Step 3:- Apply KNN for classification:
- Once PCA reduced the dataset, we train a K-Nearest Neighbors classifier on the principal components.
- Post PCA, Each new patient is classified based on the "closest" existing patient profiles in the reduced feature space.
- PCA removes irrelevant noise, making these distances more meaningful.

  With fewer dimensions, KNN avoids the curse of dimensionality and performs more reliability.

Step 4:- Model Evaluation: For evaluation purposes we can use:
- Cross Validation: Use Grid Search CV or Randomized Search CV for reliable estimates.
- could use metrics to know the performace of the model-
  - Accuracy for overall correctness.
  - Precision and Recall are critical in medical tasks i.e., high recall means fewer missed patients with disease.
  - F1-score can make balances between precision and recall.
  - ROC-AUC measures the ability to distinguish diseased and healthy patients.

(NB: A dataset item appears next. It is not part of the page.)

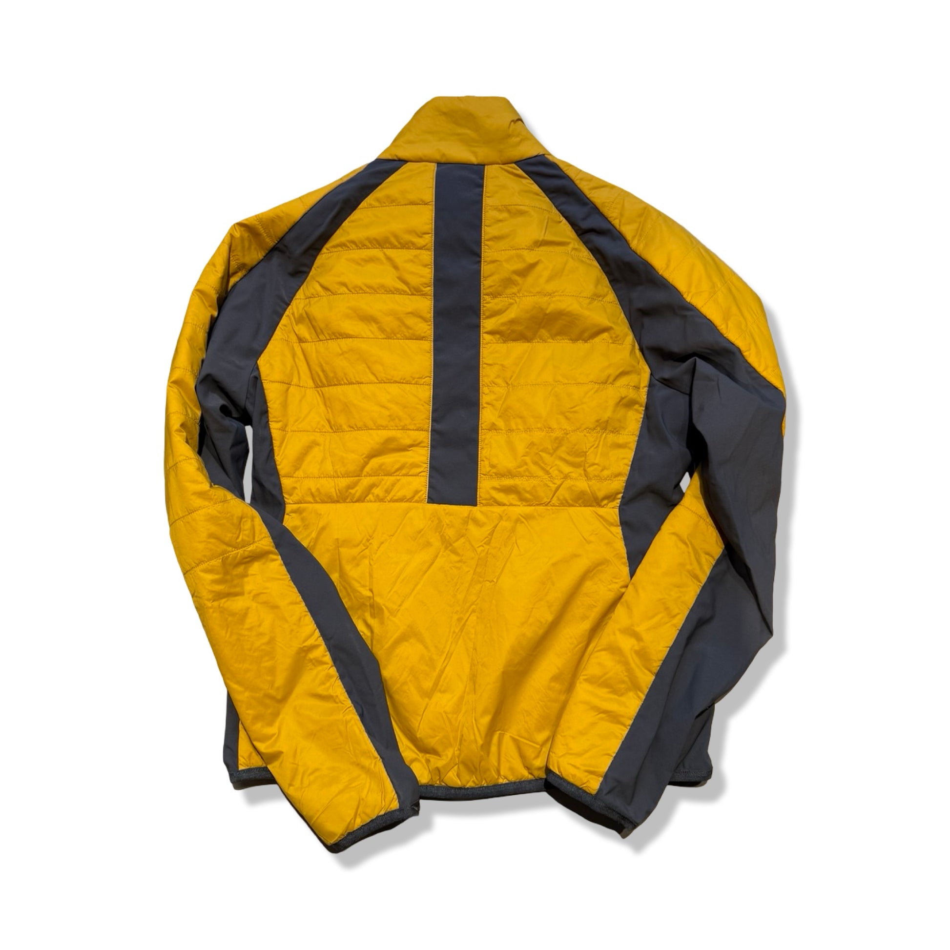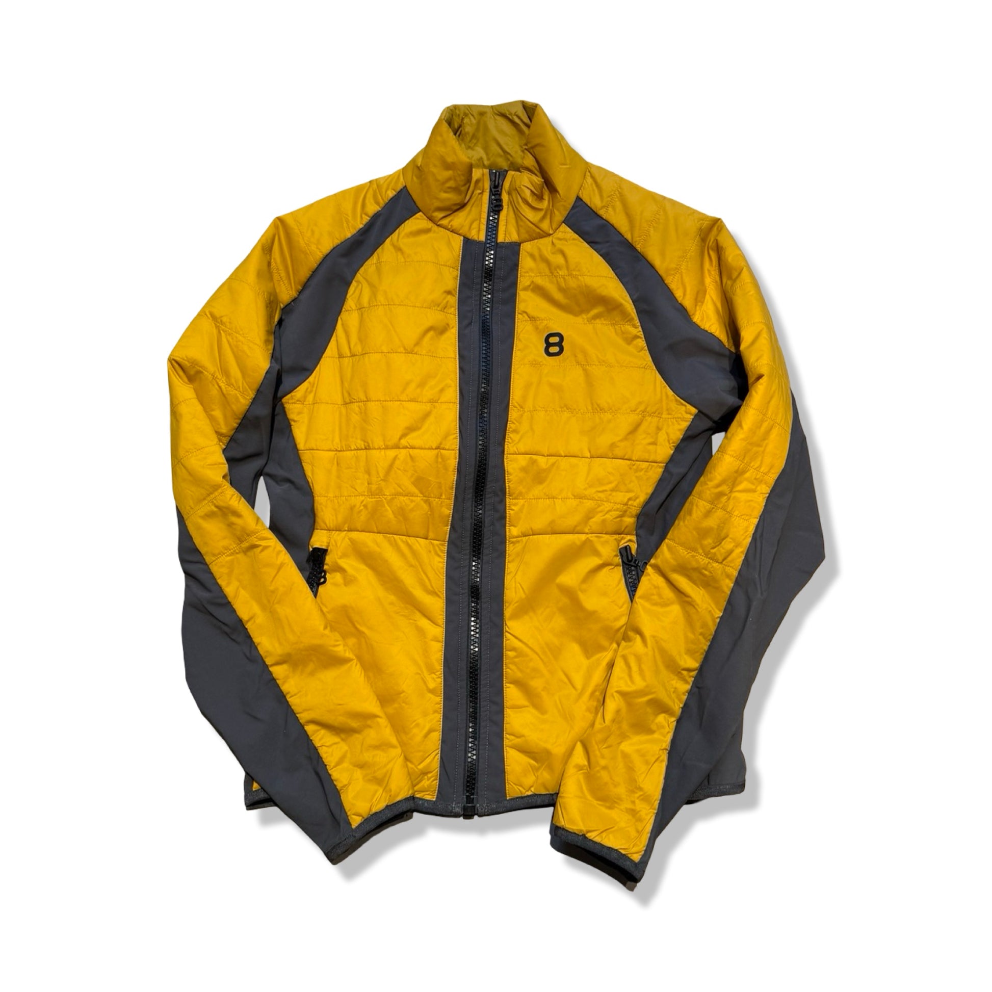 Jackan har lätt vadderade, kviltade partier som håller värmen över bål och rygg, medan slätare sidopaneler ger skön rörelsefrihet och bättre ventilation. Den är försedd med hög krage, genomgående dragkedja och två handfickor med dragkedja för säker förvaring. Kantband i ärmslut och nederkant hjälper till att stänga inne värmen.

  could show the performance of KNN with and without PCA, demonstrate the benefit of dimensionality reduction.
Step 5:- Justification:
- Biomedical data is large, complex, and noisy. PCA helps us compress the data into fewer meaningful patterns.
- This makes predictions faster, more accurate, and less likely to overfit.
- KNN is intuitive: the model predicts based on the closest patient profiles, which is easy for medical experts to understand.
- By evaluating with recall and ROC-AUC, we ensure the model prioritizes catching as many disease cases as possible, even if it slightly lowers accuracy.

Business/Healthcare Value:
- Helps doctors with early disease detection.
- Enables personalized treatments by grouping similar patients.
- Improves trust and interpretability, since PCA can show which biomedical signals are most influential.
- Reduces computational cost → scalable to hospital-level data.